_DATA UNDER STUDY:_
:::::

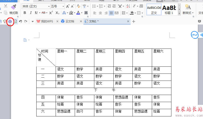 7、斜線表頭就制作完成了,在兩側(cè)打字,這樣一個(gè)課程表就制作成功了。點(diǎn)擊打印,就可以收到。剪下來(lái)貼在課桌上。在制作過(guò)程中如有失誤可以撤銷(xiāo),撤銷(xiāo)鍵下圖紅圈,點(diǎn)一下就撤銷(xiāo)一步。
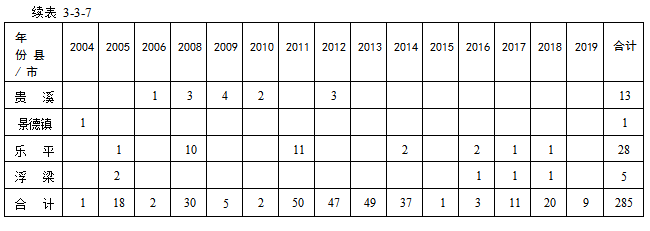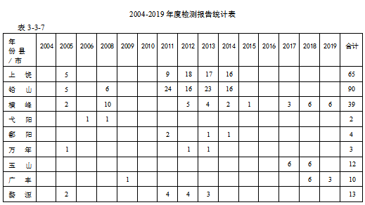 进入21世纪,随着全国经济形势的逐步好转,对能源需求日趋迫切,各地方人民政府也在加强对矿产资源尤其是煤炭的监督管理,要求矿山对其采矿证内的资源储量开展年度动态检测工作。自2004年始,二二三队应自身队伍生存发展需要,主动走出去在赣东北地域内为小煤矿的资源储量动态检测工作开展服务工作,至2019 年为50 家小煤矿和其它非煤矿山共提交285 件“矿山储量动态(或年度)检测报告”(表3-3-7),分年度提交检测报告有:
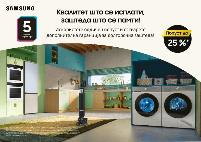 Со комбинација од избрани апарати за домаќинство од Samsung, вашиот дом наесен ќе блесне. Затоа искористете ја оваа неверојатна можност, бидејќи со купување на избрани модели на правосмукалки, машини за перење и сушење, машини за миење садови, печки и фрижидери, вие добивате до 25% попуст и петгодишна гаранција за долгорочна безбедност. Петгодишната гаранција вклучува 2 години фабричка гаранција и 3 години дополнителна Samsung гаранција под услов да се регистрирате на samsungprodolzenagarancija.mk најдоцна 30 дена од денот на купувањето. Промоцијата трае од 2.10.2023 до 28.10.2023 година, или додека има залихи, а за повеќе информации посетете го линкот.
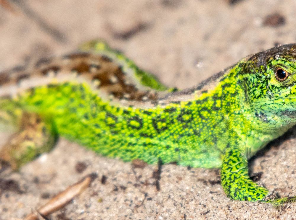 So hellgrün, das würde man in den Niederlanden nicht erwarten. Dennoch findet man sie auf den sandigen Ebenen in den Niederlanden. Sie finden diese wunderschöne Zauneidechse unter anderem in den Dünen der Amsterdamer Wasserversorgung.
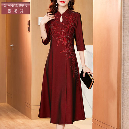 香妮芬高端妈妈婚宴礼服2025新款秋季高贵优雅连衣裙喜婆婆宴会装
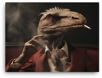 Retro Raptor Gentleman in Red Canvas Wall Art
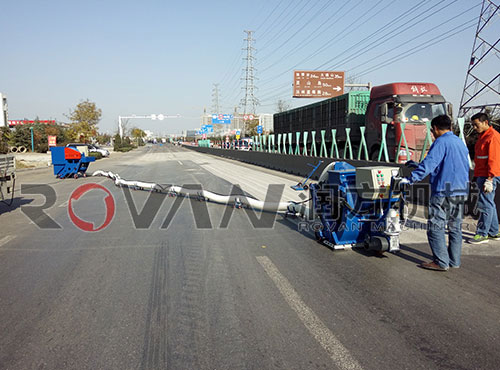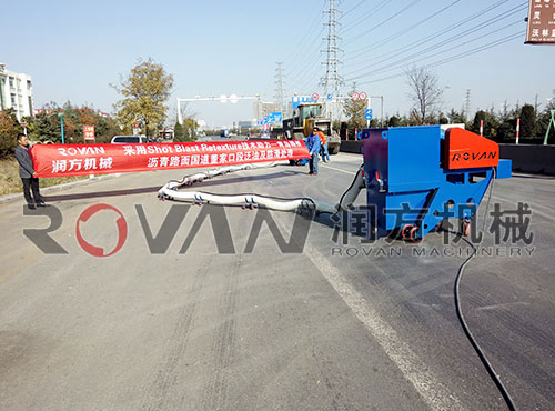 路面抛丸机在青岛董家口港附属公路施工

:::::

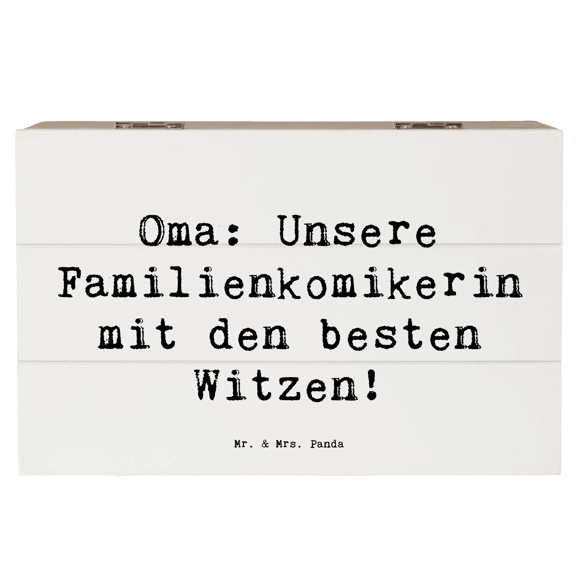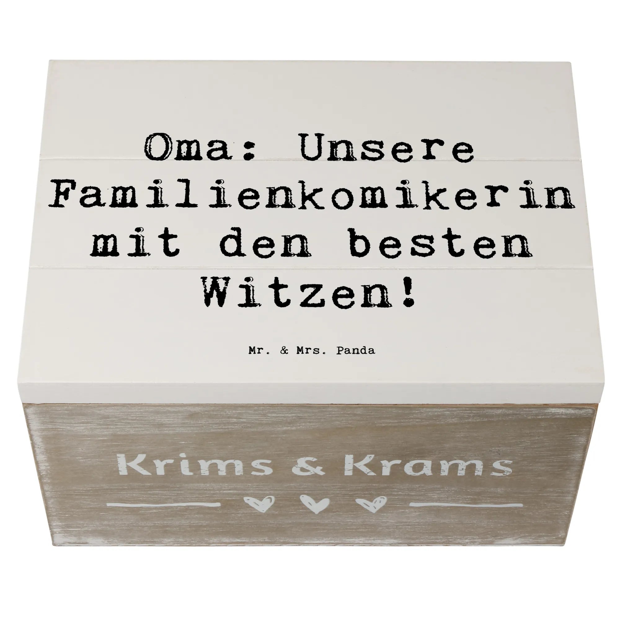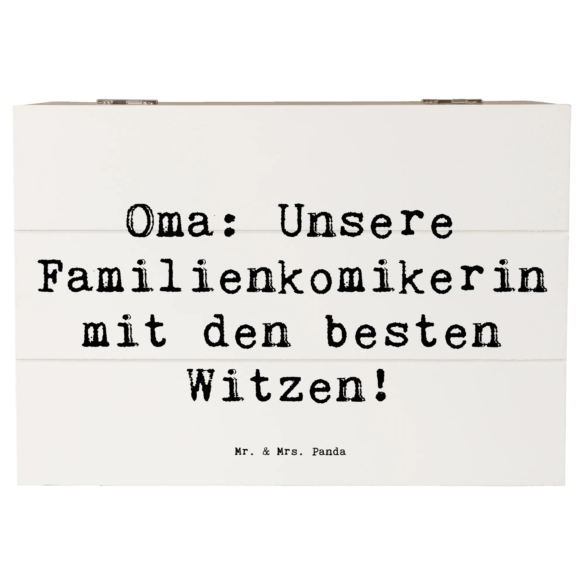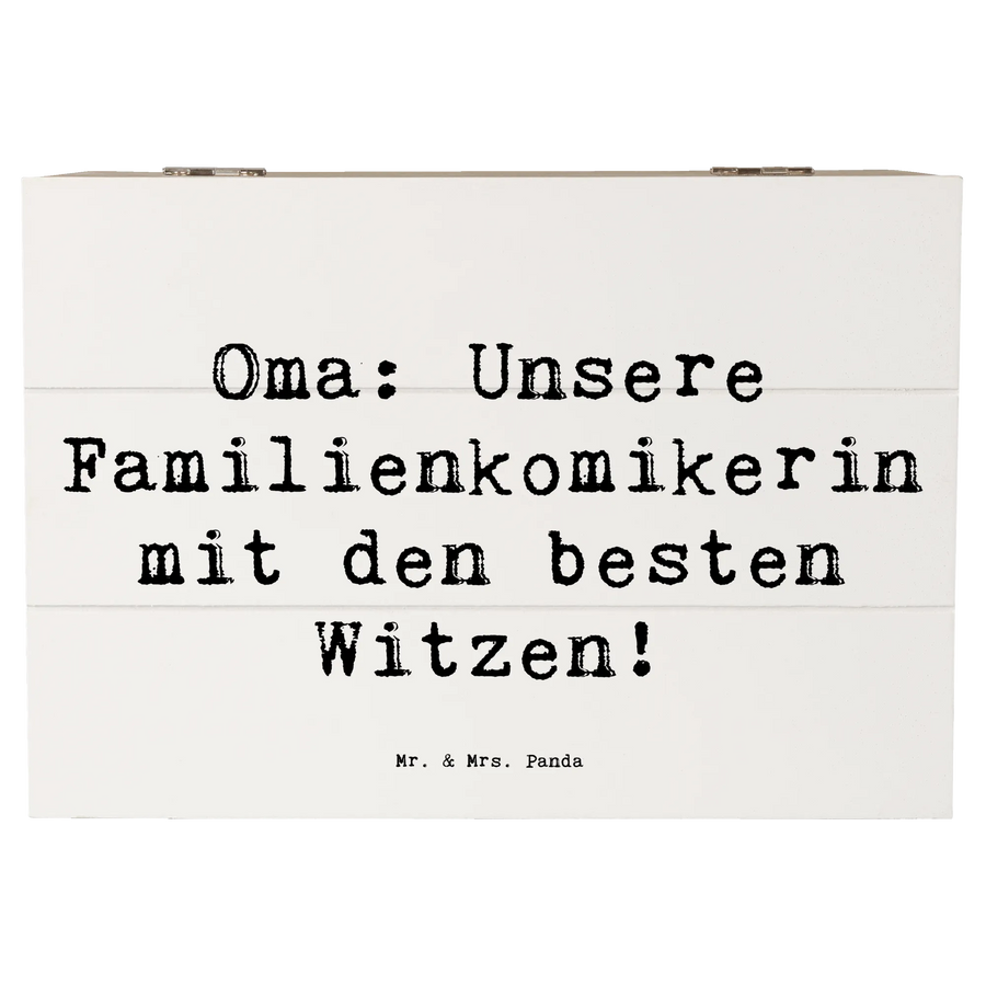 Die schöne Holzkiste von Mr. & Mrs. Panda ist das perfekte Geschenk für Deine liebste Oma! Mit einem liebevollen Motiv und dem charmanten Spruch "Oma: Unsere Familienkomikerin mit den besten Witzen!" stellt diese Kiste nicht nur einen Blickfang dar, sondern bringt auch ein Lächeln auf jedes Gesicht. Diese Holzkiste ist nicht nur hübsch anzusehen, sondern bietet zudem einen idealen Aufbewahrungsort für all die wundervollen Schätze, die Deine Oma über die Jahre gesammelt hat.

:::::

Your answer must be the lines above from the one holding "7、斜線表頭就制作完成了,在" up to and including the one holding "路面抛丸机在青岛董家口港附属公路施工", exact and with no pictures.

 7、斜線表頭就制作完成了,在兩側(cè)打字,這樣一個(gè)課程表就制作成功了。點(diǎn)擊打印,就可以收到。剪下來(lái)貼在課桌上。在制作過(guò)程中如有失誤可以撤銷(xiāo),撤銷(xiāo)鍵下圖紅圈,點(diǎn)一下就撤銷(xiāo)一步。
 进入21世纪,随着全国经济形势的逐步好转,对能源需求日趋迫切,各地方人民政府也在加强对矿产资源尤其是煤炭的监督管理,要求矿山对其采矿证内的资源储量开展年度动态检测工作。自2004年始,二二三队应自身队伍生存发展需要,主动走出去在赣东北地域内为小煤矿的资源储量动态检测工作开展服务工作,至2019 年为50 家小煤矿和其它非煤矿山共提交285 件“矿山储量动态(或年度)检测报告”(表3-3-7),分年度提交检测报告有:
 Со комбинација од избрани апарати за домаќинство од Samsung, вашиот дом наесен ќе блесне. Затоа искористете ја оваа неверојатна можност, бидејќи со купување на избрани модели на правосмукалки, машини за перење и сушење, машини за миење садови, печки и фрижидери, вие добивате до 25% попуст и петгодишна гаранција за долгорочна безбедност. Петгодишната гаранција вклучува 2 години фабричка гаранција и 3 години дополнителна Samsung гаранција под услов да се регистрирате на samsungprodolzenagarancija.mk најдоцна 30 дена од денот на купувањето. Промоцијата трае од 2.10.2023 до 28.10.2023 година, или додека има залихи, а за повеќе информации посетете го линкот.
 So hellgrün, das würde man in den Niederlanden nicht erwarten. Dennoch findet man sie auf den sandigen Ebenen in den Niederlanden. Sie finden diese wunderschöne Zauneidechse unter anderem in den Dünen der Amsterdamer Wasserversorgung.
 香妮芬高端妈妈婚宴礼服2025新款秋季高贵优雅连衣裙喜婆婆宴会装
 Retro Raptor Gentleman in Red Canvas Wall Art
 路面抛丸机在青岛董家口港附属公路施工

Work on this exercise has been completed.